Currently, Medicaid costs are shared between states and the federal government, but the funding is open-ended, so the federal government pays its percentage of whatever states spend. Under the proposed bill, the amount of federal funding would be capped on a per-person basis, so funding would go up as more people qualify. But that per-capita amount might not grow as fast as Medicaid costs, which could leave states on the hook for an ever-increasing share of the costs of the program.

“Capping federal contributions to the Medicaid program will likely force states with already tight budgets to limit eligibility and cut benefits to at-risk Americans,” said the American Public Health Association in a statement.

Help For Wealthier People

If you earn a lot of money, or even just enough to put aside something extra for health expenses, the GOP bill will provide a lot to like.

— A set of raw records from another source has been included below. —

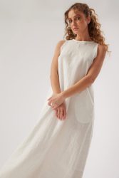 the dress has a loose fit, ideal for the summer, and has sewn-in pockets. it is made in 100% from the highest quality linen. the linen fabric is extremely light, softened and airy, providing a high level of comfort, especially in the summer.
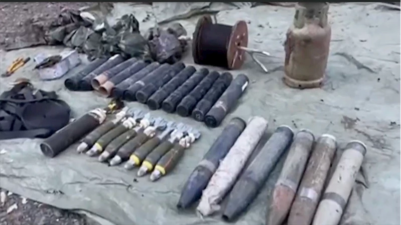 "6 çok namlulu roketatar mühimmatı, 8 tuzaklanmış havan mühimmatı, havan mühimmatına ait 12 taşıma kapsülü, 1 kutu makineli tüfek mühimmatı, çok miktarda yaşam malzemesi ve ekipmanı ile temizlik malzemesi."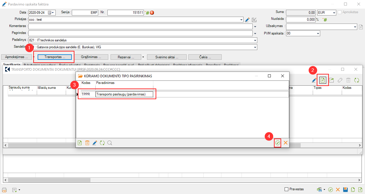 Norint sukurti TPPR dokumentą, turi į programą turi būti įvestas pardavimo dokumentas.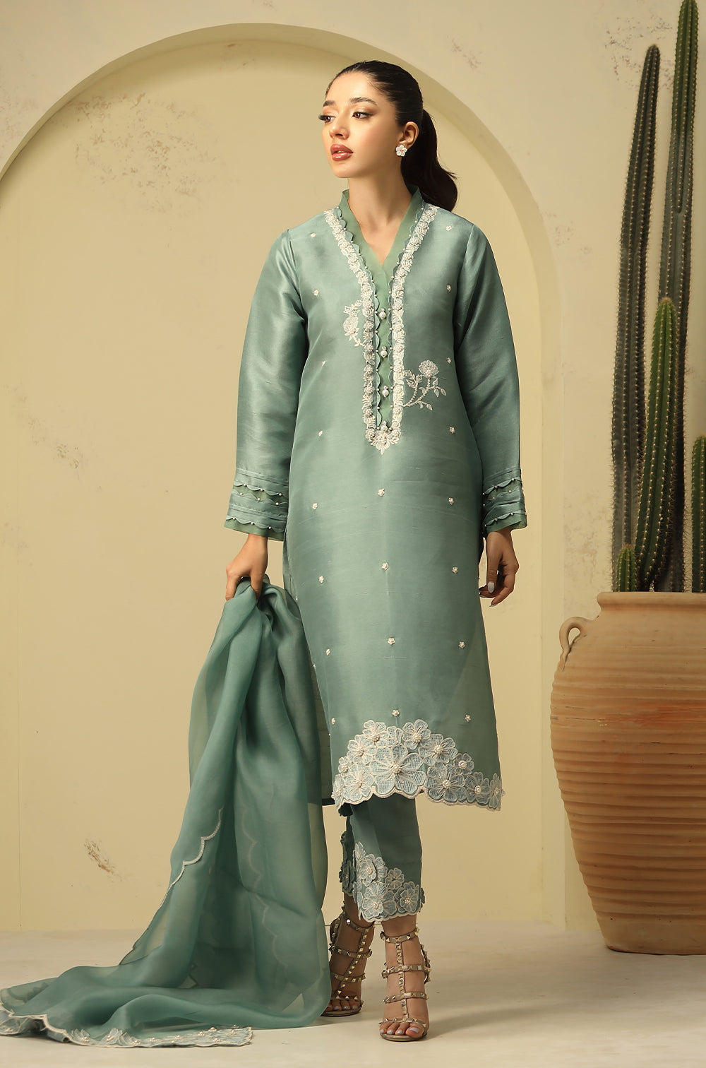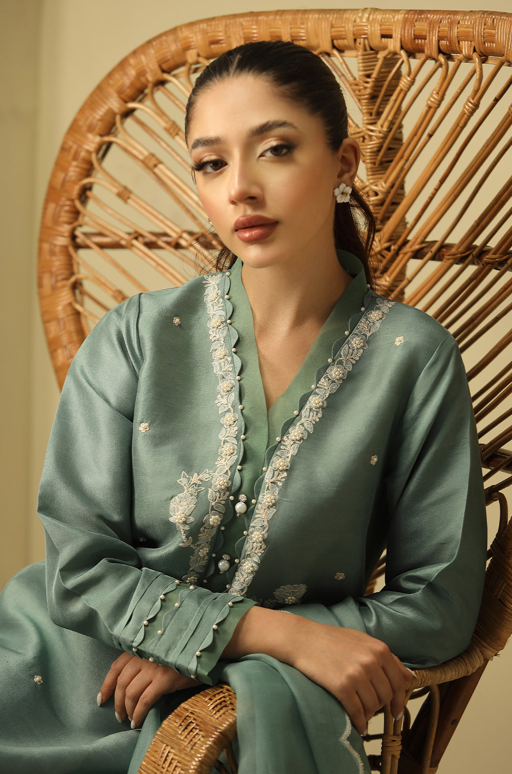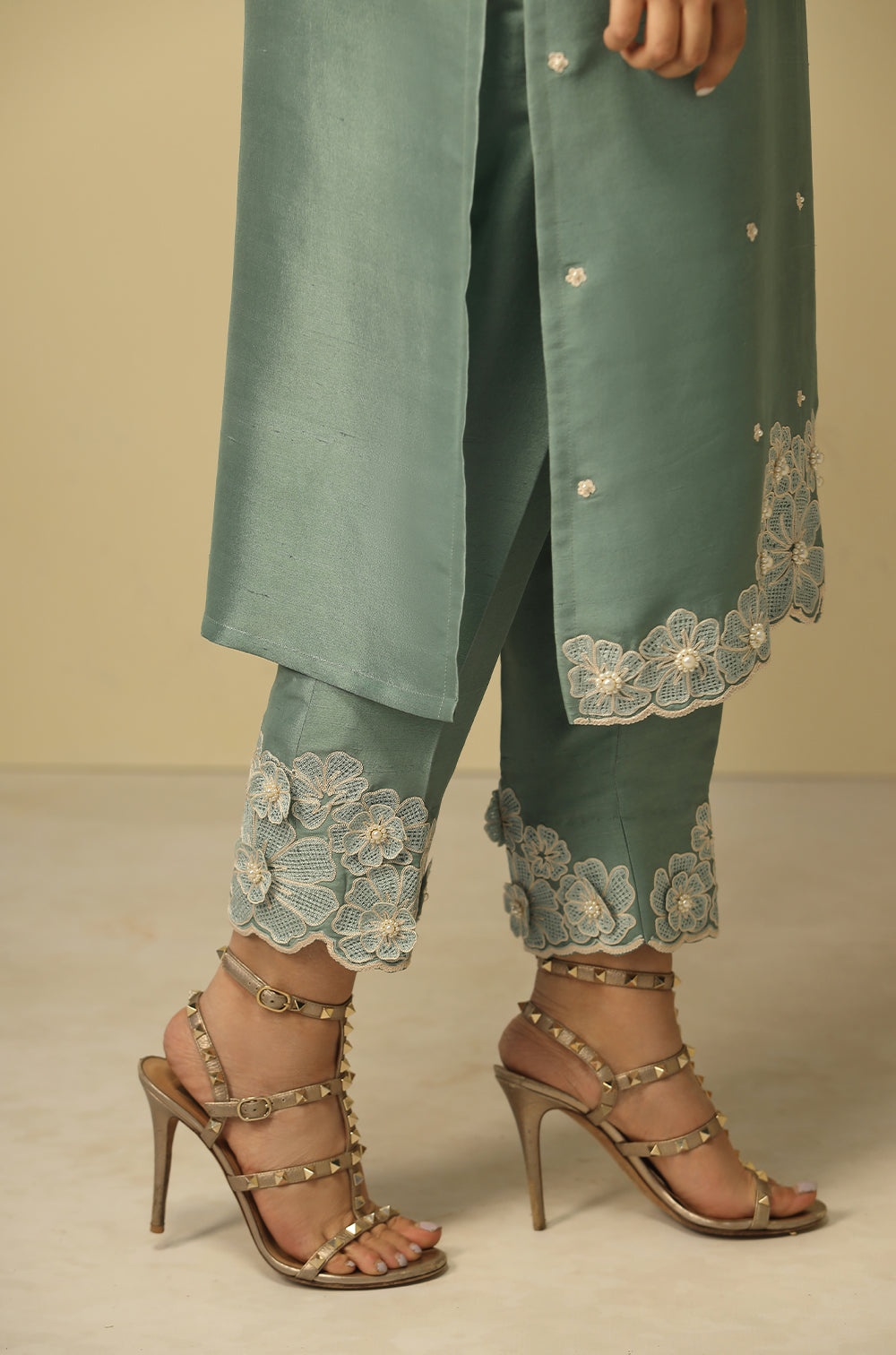 Floral motifs on a canvas of pure rawsilk, in a delightful sage color — a sophisticated look that can easily be styled from day to night.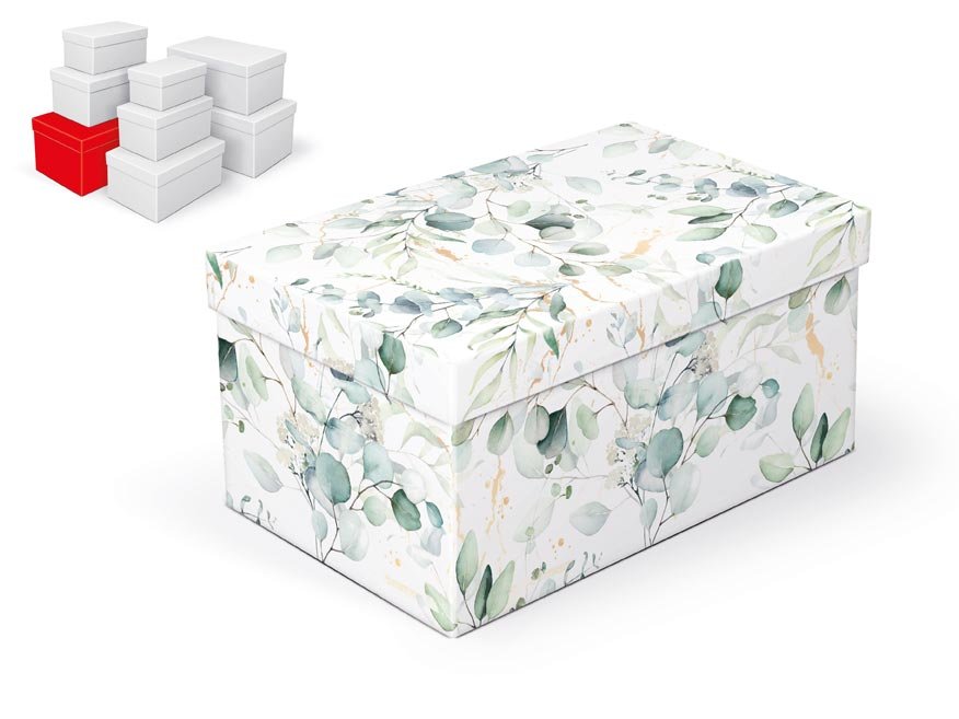 Dárková krabice s designem eukalyptových listů. Vhodná ke slavnostním příležitostem, pro zabalení dárků na oslavy, svatby nebo jen tak, k uschování různých drobností. Dodáváme pouze v setu 8 dárkových krabiček, které jsou ve stejném designu, ale v různých velikostech. Při vložení do košíku se automaticky vloží i ostatní krabičky, tak aby jste měli v košíku vždy celý, kompletní set.

First, it would repeal almost all of the taxes that were increased by the ACA to pay for the expansion of health coverage. Those include higher Medicare taxes for high-income earners, a tax on investment income, and various taxes on health care providers, including insurance companies, makers of medical devices and even tanning salons.

The bill would also provide new tax advantages for those who can afford to save — including allowing more money to be deposited into health savings accounts, and lower penalties for those who use those accounts to pay for non-medical needs.

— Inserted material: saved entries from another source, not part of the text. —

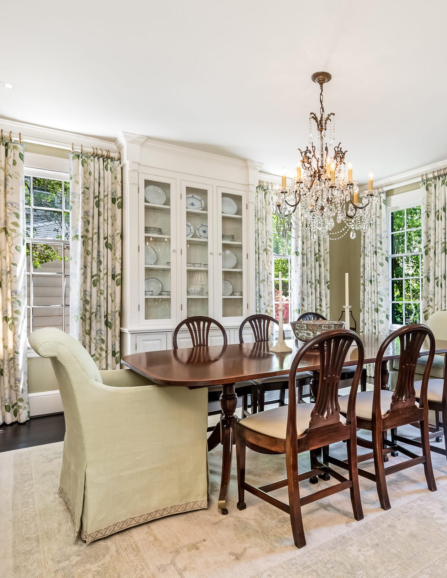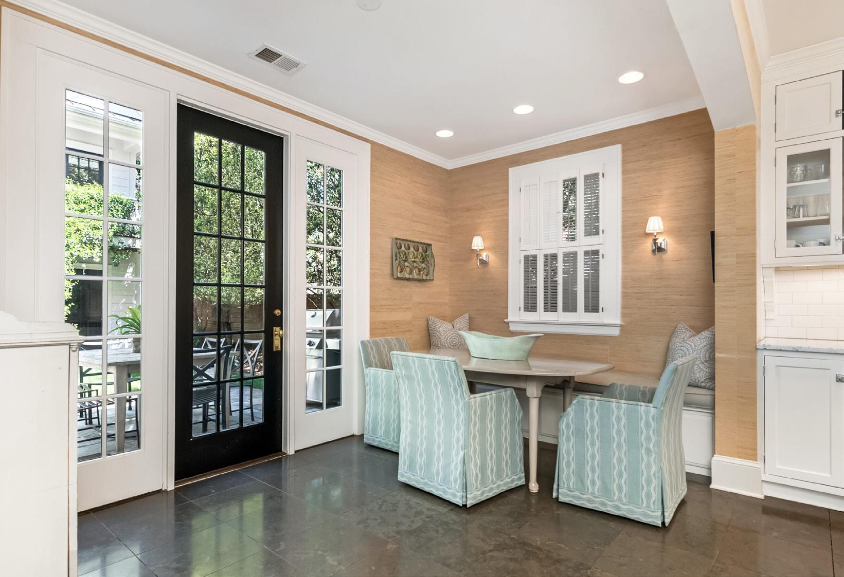 • Breakfast area with grasscloth wallpaper, sconce lighting, and built-in dining banquet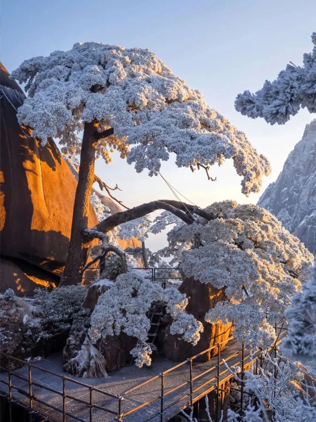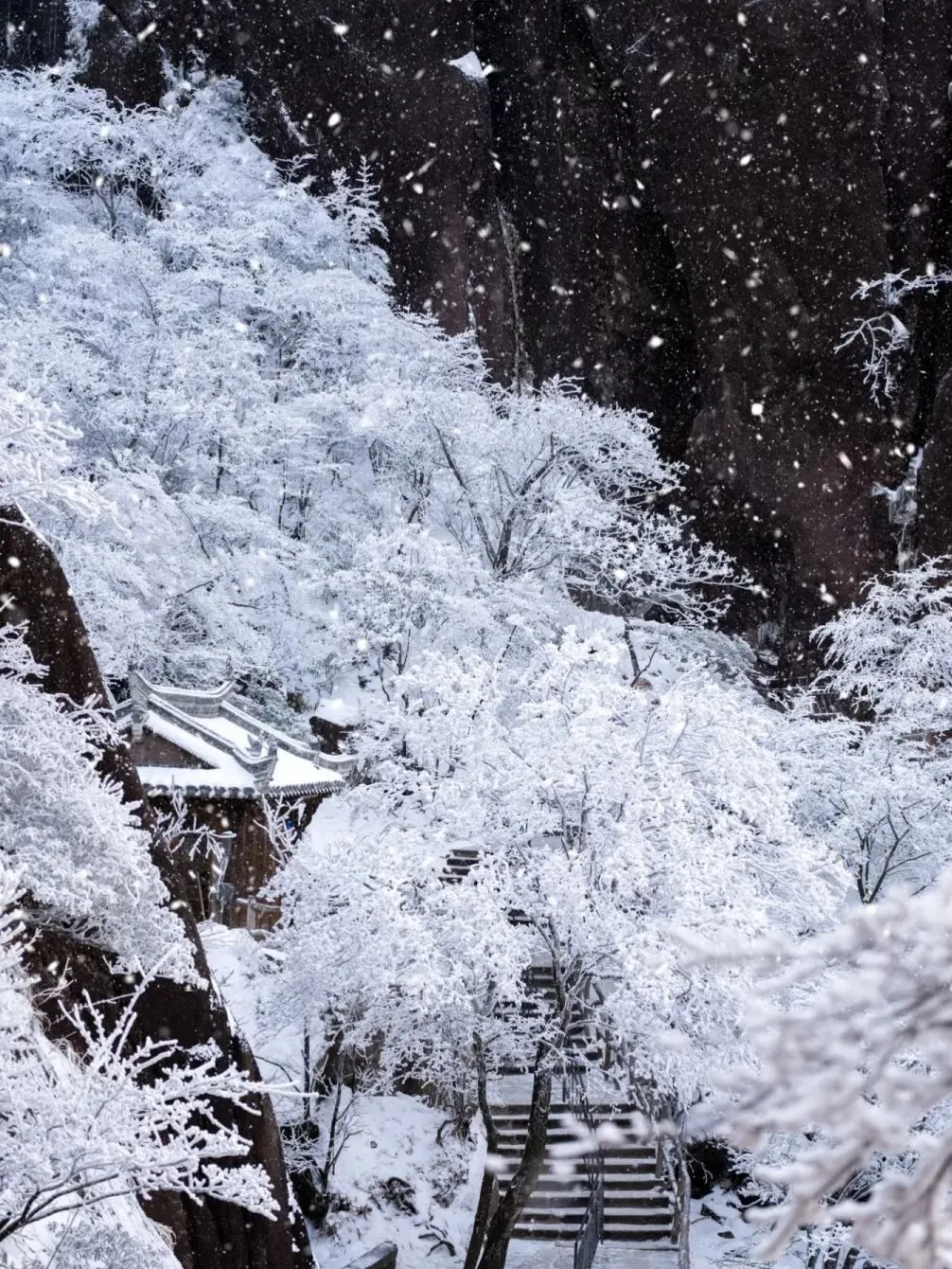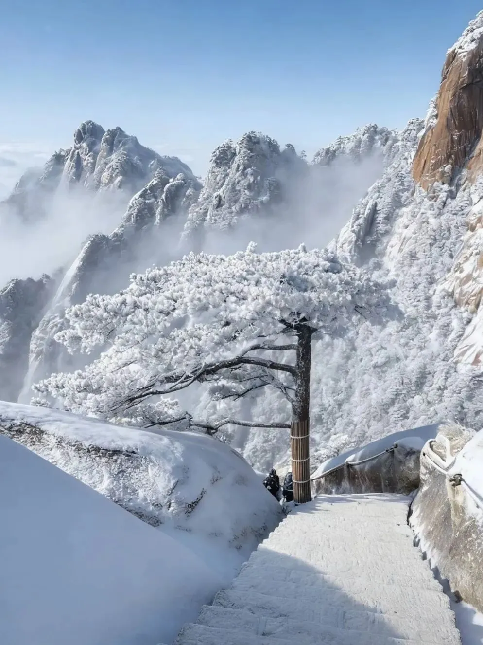 天下第一奇山,冬季变成水墨画卷。雪后初晴,云海翻腾,奇松怪石在白雪覆盖下只露出轮廓,黑白灰三色交织成流动的水墨。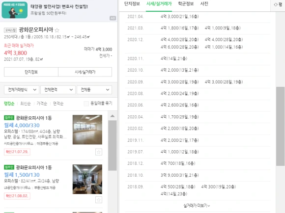 아래는 서울 3대 도심 업무지구 중 하나인 사대문 안에 있는 한 아파텔의 시세이다.

In addition, the plan would lower the threshold for deducting medical expenses on income taxes and allow people with job-based tax-preferred “flexible spending accounts” to put away more pretax money. It would also restore over-the-counter drugs as eligible for reimbursement from those accounts.

Mandates To Buy Or Provide Coverage

The GOP plan doesn’t actually repeal either the requirement for individuals to have coverage or for employers to provide it. That’s because it can’t under budget rules. Instead, the bill would reduce the penalties in both cases to zero, rendering the requirements moot.

The individual requirement was used by the health law to force healthy people into buying coverage to help improve insurers’ risk pools since they could no longer bar customers with preexisting conditions. Instead of the requirement that most people obtain health insurance or pay a penalty, the Republican plan would provide a penalty for those who do not maintain “continuous coverage.” Those with a break in insurance coverage of more than 63 days could still purchase insurance without regard to preexisting health conditions, but they would be required to pay premiums that are 30 percent higher for 12 months.

The employer “mandate,” which requires firms with 50 or more workers to offer coverage or pay a fine, has actually had relatively little impact on insurance coverage, analysts have concluded, and probably is not necessary to prevent employers from dropping coverage. In both the ACA and the GOP bill, however, workers whose employers offer coverage could not decline that coverage and get a tax credit instead.

How To Pay For It

With all the taxes and fees stripped from the ACA, how will Republicans pay for their tax credits? The answer is not clear yet.

“We are still discussing details, but we are committed to repealing Obamacare and replacing it with fiscally responsible policies that restore the free market and protect taxpayers,” said the Republican fact sheet that accompanied the release of the bill.

Also still missing is an estimate from the Congressional Budget Office that will detail not only how much the proposal will cost, but also how many people would gain or lose health insurance. Republicans insist that estimate will be available before the full House votes on the bill.